*** Opening of Data block ***

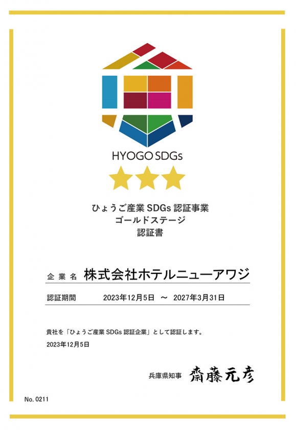 この度、株式会社ホテルニューアワジは兵庫県では6社のみとなる最上位のゴールドステージに認定されました。
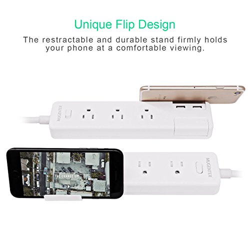 Creative Lid Design. Mugenter power strip with 4 usb ports was designed with protective lid to prevent dust and other foreign matter insertion, also can be used as phone holder.
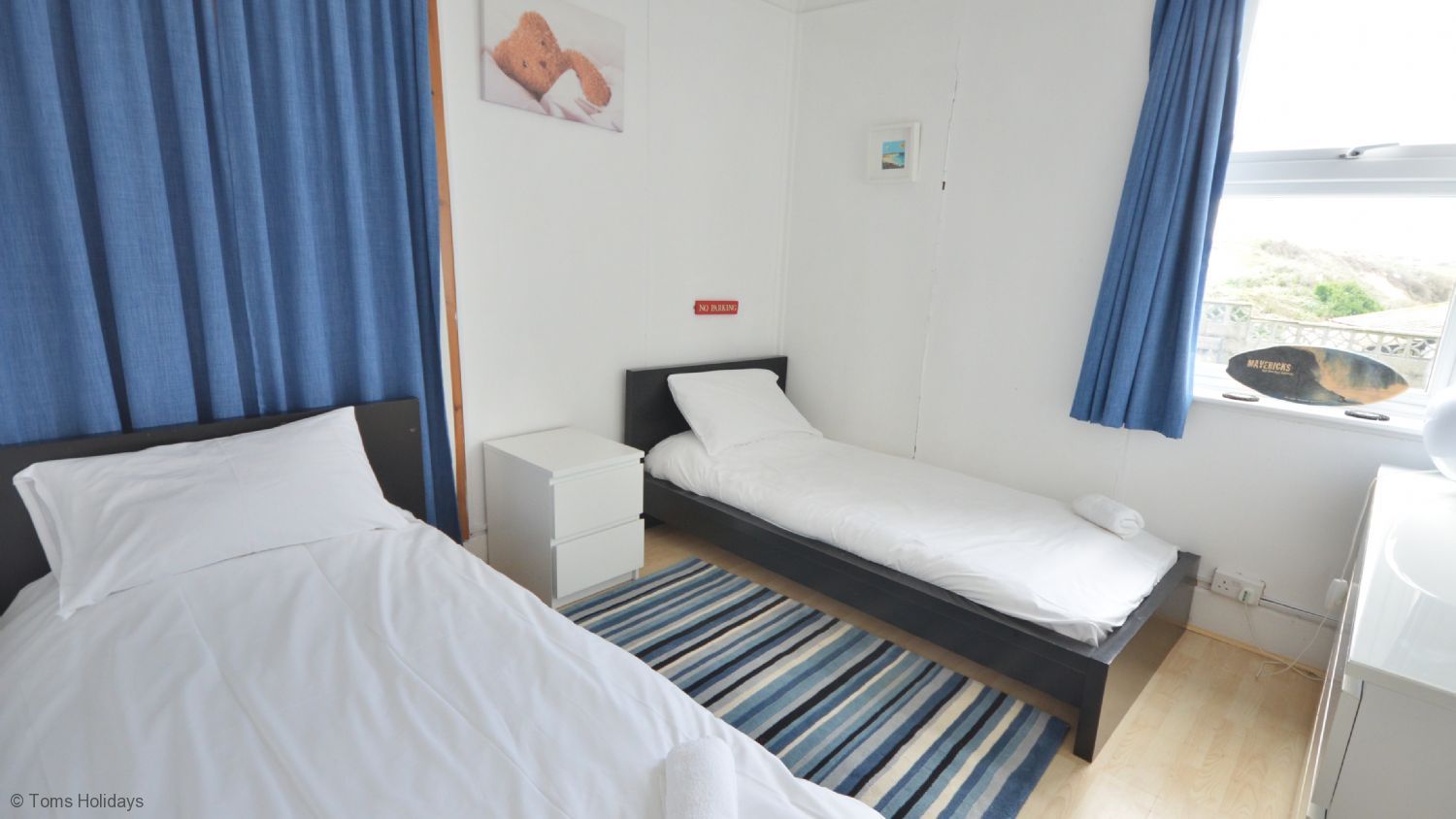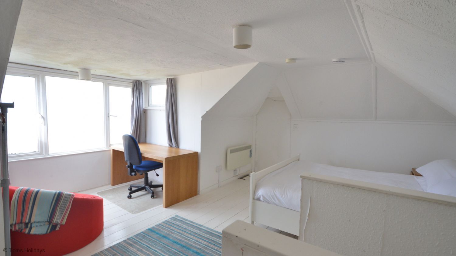 Bed 2- (upstairs) King size double bed and single bed. Panoramic views of the bay.

*** Close of Data block ***

• Exercise
Copy out the data verbatim, excluding the pictures.

• Exercise response
 この度、株式会社ホテルニューアワジは兵庫県では6社のみとなる最上位のゴールドステージに認定されました。
 Creative Lid Design. Mugenter power strip with 4 usb ports was designed with protective lid to prevent dust and other foreign matter insertion, also can be used as phone holder.
 Bed 2- (upstairs) King size double bed and single bed. Panoramic views of the bay.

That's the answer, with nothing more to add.